Regulation of Antibody Responses by Complement

  • Complement regulates antibody production through C3d binding to antigens.

  • Antigen binding to B cell receptors (BCR) leads to CD21/CD19 complexes on B cells.

  • Activation of the CD21/CD19 complex stimulates maturation of B cells.

  • Low levels of C3 correlate with decreased primary antibody responses.

  • Coating antigens with C3d enhances binding to dendritic cells.

Complement Genes

  • Genes for complement proteins are located throughout the genome.

  • Two main clusters identified:

    1. MHC class III region (includes genes for C4, C2 and factor B).

    2. Regulation of complement activation (RCA) cluster (includes genes for C4BP, CD55, CD35, CD21, CD46, and factor H).

Examples of Complement Deficiencies

  • C3 Deficiency in Brittany Spaniel Dogs:

    • Autosomal recessive mutation causing lack of C3 protein, leading to reduced antibody production.

    • Clinical signs: recurrent sepsis, pneumonia, pyometra.

    • Heterozygous individuals may exhibit half the normal levels but remain clinically normal.

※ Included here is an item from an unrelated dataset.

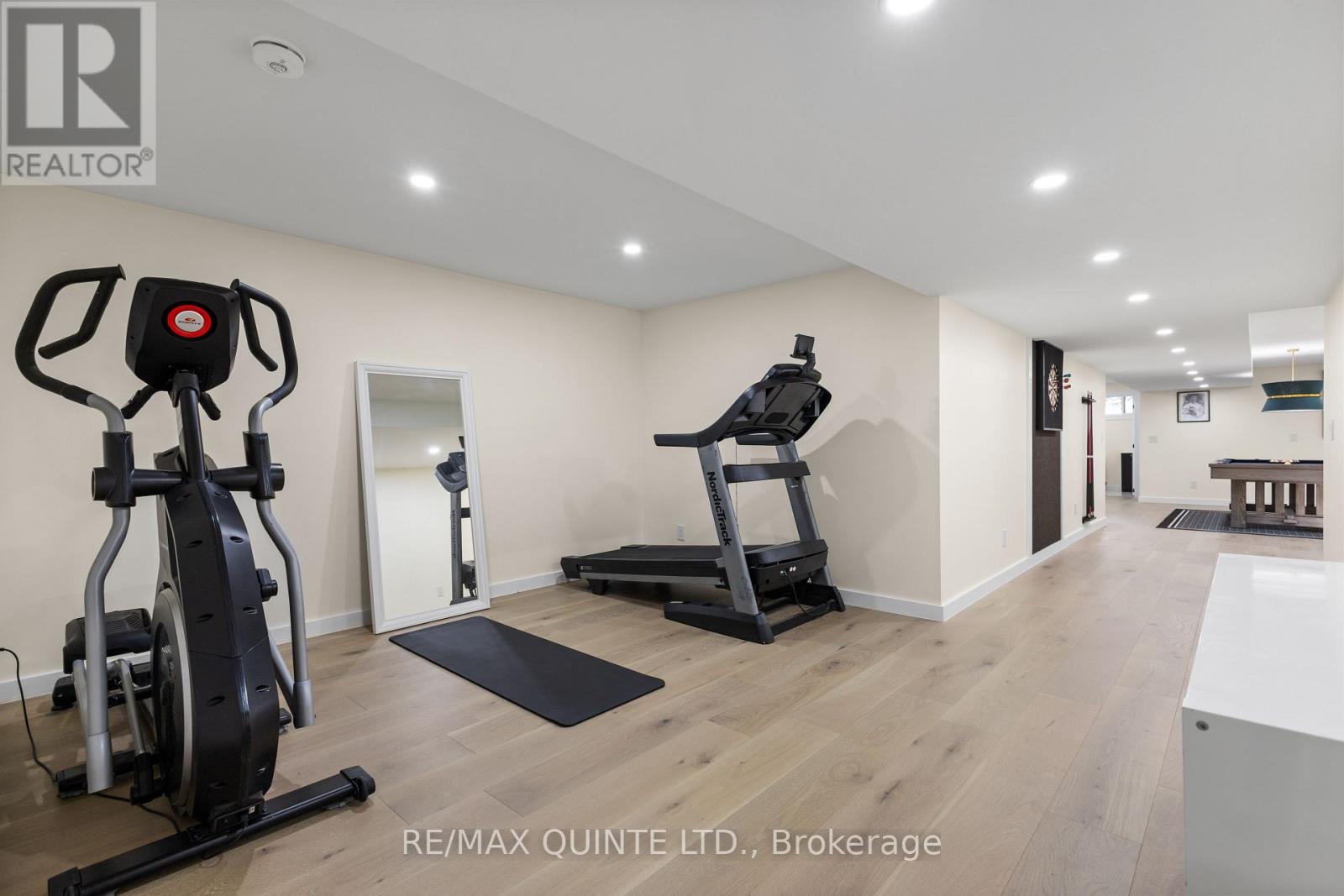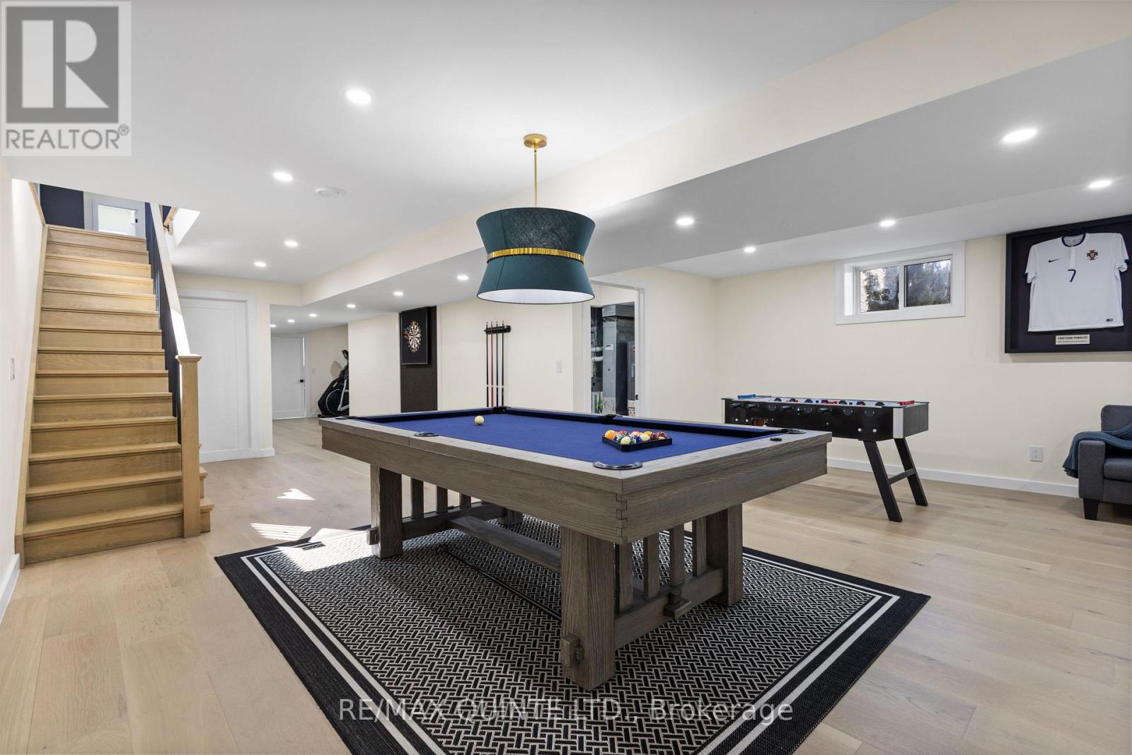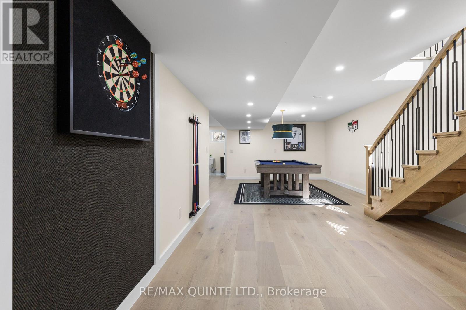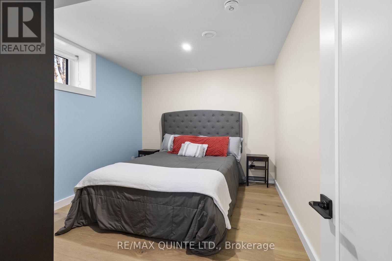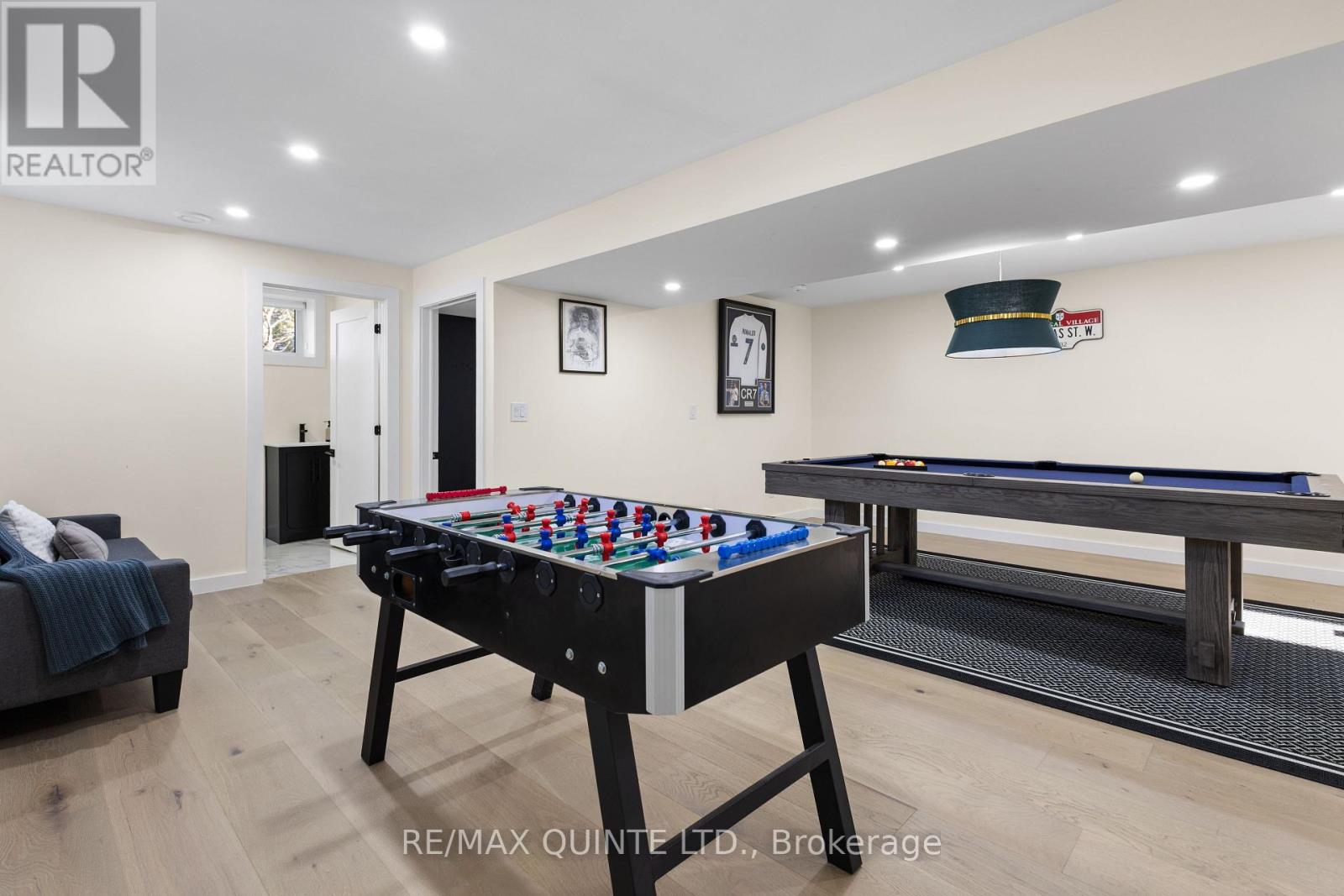 Stunning modern waterfront home set on over 1.6 acres with approximately 150 feet of private shoreline on the Bay of Quinte, located along one of the most exclusive stretches in Prince Edward County. This newly constructed custom bungalow showcases a high level of construction throughout, featuring a striking stucco and brick exterior, stamped concrete driveway, patio, and walkways. Inside, the home offers 3+3 bedrooms and 3 bathrooms across two fully finished levels, with water views from nearly every room. The main living area features 12-foot ceilings, 10-foot ceilings in the bedrooms, oversized Alcabri windows, 8-foot doors, and custom cabinetry throughout, complimented by 9-inch engineered white oak flooring. The kitchen includes a 10 x 5 quartz waterfall island with hidden storage, dual sink, continuous quartz backsplash, and Caf appliances. The primary suite offers a 5-piece ensuite with double sinks, soaker tub, and glass walk-in shower, along with a 12-foot sliding door leading to a 55 x 21 covered patio. The lower level features 8-foot ceilings, a large rec room, gym area, powder room, laundry with quartz counters, and 3 additional bedrooms with oversized windows. Connected through a heated and cooled flex space is a 40.5 x 28.5 garage with 13-foot ceilings, pot lights, and 12-inch concrete flooring. The waterfront includes a 20-foot composite cantilever dock, armour stone shoreline, and firepit patio. The lot allows for a secondary dwelling. A well-executed waterfront home in Prince Edward County. (id:63658)

  • H Factor Deficiency in Yorkshire Pigs:

    • Recessive autosomal mutation, absence of H factor, leads to uncontrolled C3b production.

    • Affected animals appear normal at birth but experience tissue lesions, particularly in kidneys, leading to eventual death.

Complement Fixation Test (CFT)

  • A serological assay used to detect serum antibody levels to a specific antigen.

  • Step 1: Dilutions of serum from the individual (heated to 56ºC to inactivate complement) are mixed with appropriate antigen and known complement (often guinea pig serum).

    • If antibodies are present, they bind to the antigen and fix the complement.

  • Step 2: Measure remaining guinea complement by adding sheep red cells coated with antibodies.

    • If complement was consumed in Step 1, intact sheep red cells will remain cloudy.

    • Positive reaction indicates absence of lysis (complement used up).

    • If complement is unbound, it will lyse the red cells, indicating a negative result for antibody presence.

Summary of CFT Results

  • Positive Reaction: Serum is positive for antibodies → no free complement is available to lyse sheep RBC → no lysis occurs.

  • Negative Reaction: Serum indicates no antibodies → free complement is available → sheep RBC are lysed.